Мне, кстати, тоже придется попросить прощения за вынужденную субъективность того, что я пишу: просто не знаю и не могу придумать, как можно иначе высказаться о стихах. Если говорить о них научно, с использованием соответствующей терминологии, то восприятие их уже не будет столь эмоциональным и трепетным, на что наверняка рассчитывал их создатель.
Когда я взахлеб, за ночь, периодически вытирая слезы, прочитала = проглотила книгу Ирлана Сергеевича, то первым, что пришло в голову, был отрывок из Апокалипсиса: «Судьи сели. И раскрылись книги». Думаю, что именно такие книги могут стать оправданием не только автору, но и многим грешникам, чьи размышления и сомнения выразил в математически отточенных строчках поэт.
Кстати, о математике, вернее, о точности. Ирлан Сергеевич умудряется формулообразно, аксиоматично, максимально четко выражать то, что по своей сути философски глубоко, широко и размашисто.
У него есть коротенькое стихотворение из шести букв:
Лют
Люд.
Если не пробежать глазами этот «ребус», а «внедриться» в него, то в этих шести буквочках можно найти практически всю мировую историю вместе с философией, психологией и социологией. Да еще сверху этот шедевр почти кокетливо «присыпан» филологическим изыском. Чтобы было очевидно и понятно: это формула совершенства.
С той же непоэтической расчетливостью построен весь сборник: первое стихотворение – о бунте:
Я тоже верил вам, отцы
Теорий и гипотез:
От чудодейственных вакцин
Ромашкой цвел гипофиз.
Но вот, устав влачить вериги –
Читать и чтить чужие книги,
Низверг я ханжеский диктат –
И сел за собственный трактат.
Последнее – пронзительная молитва:
Отче,
Отче,
Отчего?..
Разве путь от бунта к смиренному обращению к Богу не с просьбой даже, а с вопросом – это не символ движения от молодости к мудрости? И сразу возникает тайна: а что после молитвы? Что может быть дальше и глубже? И так хочется дождаться нового сборника, чтобы на этот вопрос ответить.
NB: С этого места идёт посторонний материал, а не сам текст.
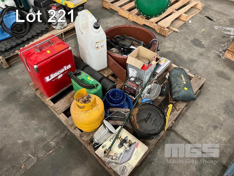 CAMPING GEAR INCLUDING CAST OVEN, ESKY, WATER CAN, ETC
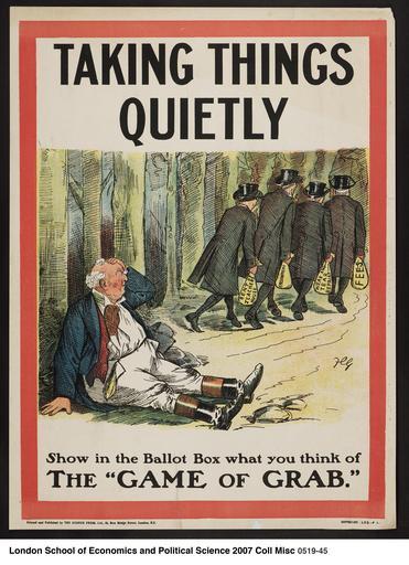 | Keywords: COLL MISC 0519-045 Small poster showing John Bull resting against a tree in a wood, having been assaulted and robbed by unidentified men dressed in black frock coats and top hats. The men are carrying bags called Rent of Teachers House, Endowment, Wear and Tear Repairs, and Fees. Conservative and Unionist poster.  COLL MISC 0519-045 Small poster showing John Bull resting against a tree in a wood, having been assaulted and robbed by unidentified men dressed in black frock coats and top hats. The men are carrying bags called Rent of Teachers House, Endowment, Wear and Tear Repairs, and Fees. Conservative and Unionist poster. |
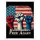 A vivid street-art style image where three bold fists rise against a vintage American flag, echoing a timeless call for freedom, courage, and unity — a visual anthem of resistance and hope.
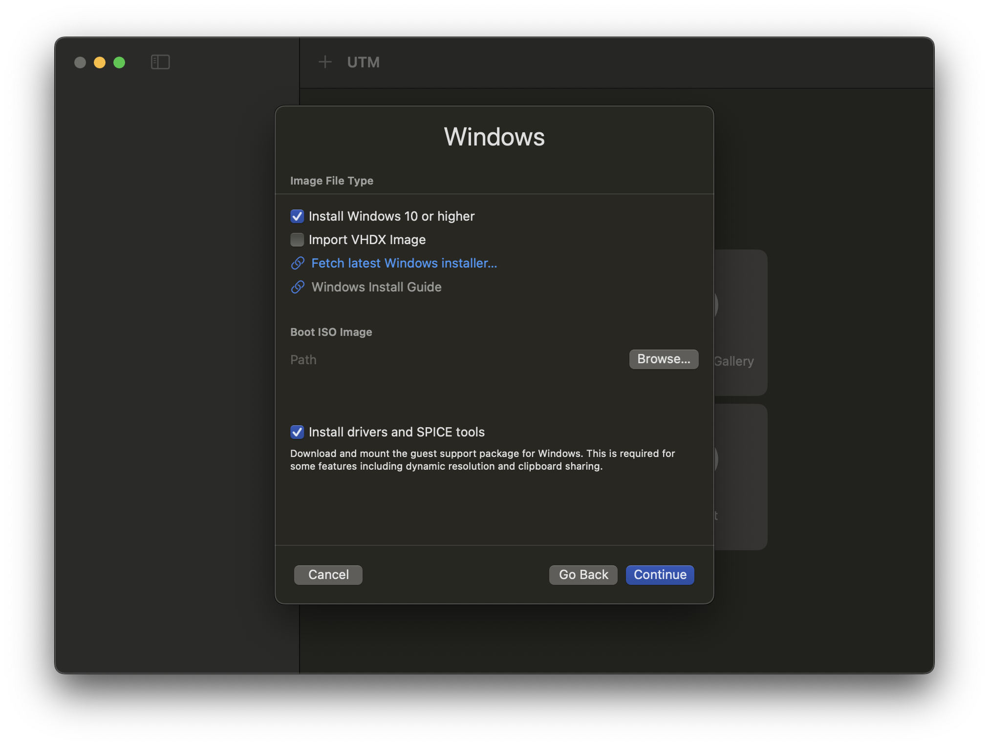 설정이 모두 끝나면, 가상 머신의 입장에서는, 하드웨어가 준비된 상태이고, 이제 utm에서 부팅을 하면, 윈도 설치 과정이 진행됩니다.

Части книги названы «стихиями», что очень удачно. И выстроены они друг за другом в логичную цепочку: утро («Утрата утра»), день со всей его суетой («Междуцарствие», «Крупная игра», «Дети плача»), потом ночь со снами и бессонницами («Бессонница») и снова утро.
Многие словосочетания, изобретенные И.Хугаевым, — «головоломны». Читателю, который пытается вникать в суть, приходится «спотыкаться» буквально на каждом шагу. Даже название книги – пример такой неразрешимой задачки: «вериги воли». Все понятно, даже достаточно зримо, хотя воля – совершенно абстрактная категория, но вериги каким-то образом ее «приземляют», делая осязаемой. Проблема в другом: как могут повлиять на волю вериги? Что они с ней делают? Они ее усиливают или ослабляют? Нет ответа, но есть повод думать, переживать и писать научные труды. И почти все так: очень зримо и просто, казалось бы, а полезешь вглубь – до мурашек.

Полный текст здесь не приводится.